= Caroline Cave =

Canadian actress

Caroline Cave is a Canadian film, television and stage actress, known for her roles in the films This Beautiful City, One Week, The War Bride, Six Figures and Saw VI, and the television series Cra$h & Burn. She has also had guest roles in The L Word, Haven, Stargate Atlantis, Kevin Hill, The Associates, Dirk Gently's Holistic Detective Agency, and Die neue Prophezeiung der Maya (End of the World) in 2013. She co-starred in the 2015 Lifetime TV movie Accidental Obsession.

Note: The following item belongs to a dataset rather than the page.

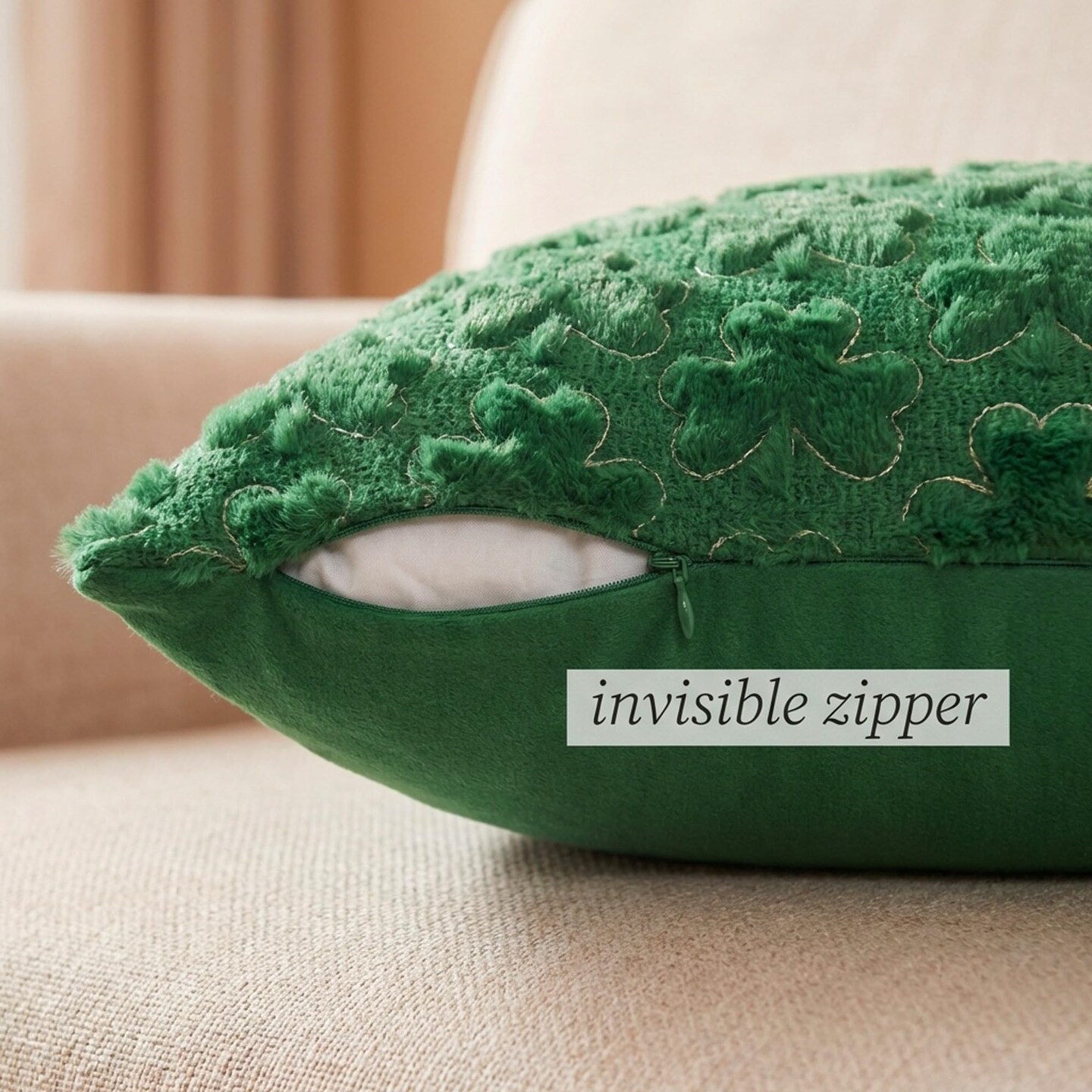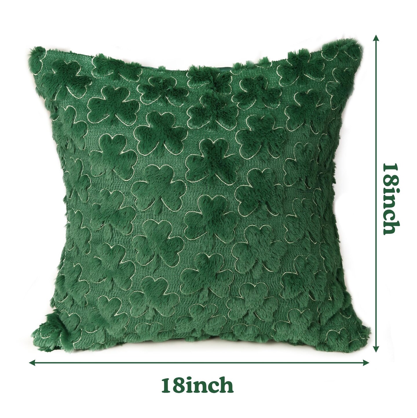 St Patricks Day Pillow Covers 18 x 18 inch Set of 2 3D Embroidered Shamrock Pillow Soft Plush Faux Fur St Patricks Day Decorations for SOFE Bedding Holiday

Her stage roles have included productions of Pamela Gien's The Syringa Tree, Joanna McClelland Glass' Trying, Stephen Sachs' Miss Julie: Freedom Summer and David Eldridge's Festen.

==Filmography==
===Film===

| Year | Title | Role | Notes |
|---|---|---|---|
| 2001 | The War Bride | Peggy |  |
| 2005 | Six Figures | Claire |  |
| 2007 | This Beautiful City | Carol |  |
| 2008 | One Week | Nancy Tyler |  |
| 2009 | Saw VI | Debbie |  |
| 2010 | The Exit | Samantha | Short |
| 2014 | What an Idiot | Carol |  |
| 2015 | The Wolf Who Came to Dinner | Maria Barkley | Short |
| 2017 | A Dog's Purpose | Boss's Wife |  |
| 2017 | Power Rangers | Beverly Scott |  |
| 2018 | The Ride Home | Anna | Short |

===Television===

| Year | Title | Role | Notes |
| 2001 | Almost America (Come l’America) | Jennifer | Television Film |
| 2002 | The Associates | Penny | Episode: “Winner Take All” |
| 2004 | ReGenesis | Rebecca Kinley | Guest 2 episodes |
| 2005 | Kevin Hill | Andrea Gardner | Episode: “A River in Egypt” |
| 2007 | Stargate: Atlantis | Dr. Cole | Episode: “Sunday” |
| 2007 | The L Word | Lindsey English | Guest 3 episodes |
| 2007 | The Gathering | Rachel | Guest 2 episodes |
| 2008 | True Crime Scene | Marilyn Sheppard | Episode: “Fugitive Justice” |
| 2009–2010 | Crash & Burn | Catherine Scott | Main (Season 1) 13 episodes |
| 2010 | Haven | Hannah | Episode: “Butterfly” |
| 2010 | Stargate Universe | Dana | Episode: “Intervention” |
| 2011 | Sanctuary | Sheila Delacourt | Episode: “Homecoming” |
| 2012 | Supernatural | Libby | Episode: “Plucky Pennywhistle's Magical Menagerie” |
| 2012 | Christmas Rescue | Fiona | Television Film |
| 2012 | The Horses of McBride | Avril Davidson | Television film |
| 2013 | End of the World | Selena | Television Film |
| 2014 | Signed, Sealed, Delivered | Carrie Atkinson | Episode: “The Edge of Forever” |
| 2015 | Splitting Adam | Mrs. Baker | Television Film |
| 2015 | Accidental Obsession | Vanessa Miller | Television Film |
| 2016 | Date with Love | Ms. Hope | Television Film |
| 2016 | Aftermath | Elena | Guest 2 episodes |
| 2016 | Dirk Gently's Holistic Detective Agency | Sammy | Guest 2 episodes |
| 2017 | Story of a Girl | Debbie Lambert | Television Film |
| 2017–2021 | Van Helsing | Jolene | Recurring (Seasons 2–3) |
Main (Seasons 4-present)
| 2018 | Deadly Deed: A Fixer Upper Mystery | Patrice Moore | Television Film |
| 2018 | Darrow & Darrow: Body of Evidence | Bonnie Johnson | Television Film |
| 2018 | Charmed | Jenna Gordonson | Episode: “Kappa Spirit” |
| 2019 | Unspeakable | Ann O'Malley | Recurring 8 episodes |
| 2019–2020 | Siren | Beth Marzdan | Recurring 10 episodes |

==Awards==
She won the Gemini Award for Best Actress in a Drama Series for Cra$h & Burn at the 2010 Gemini Awards.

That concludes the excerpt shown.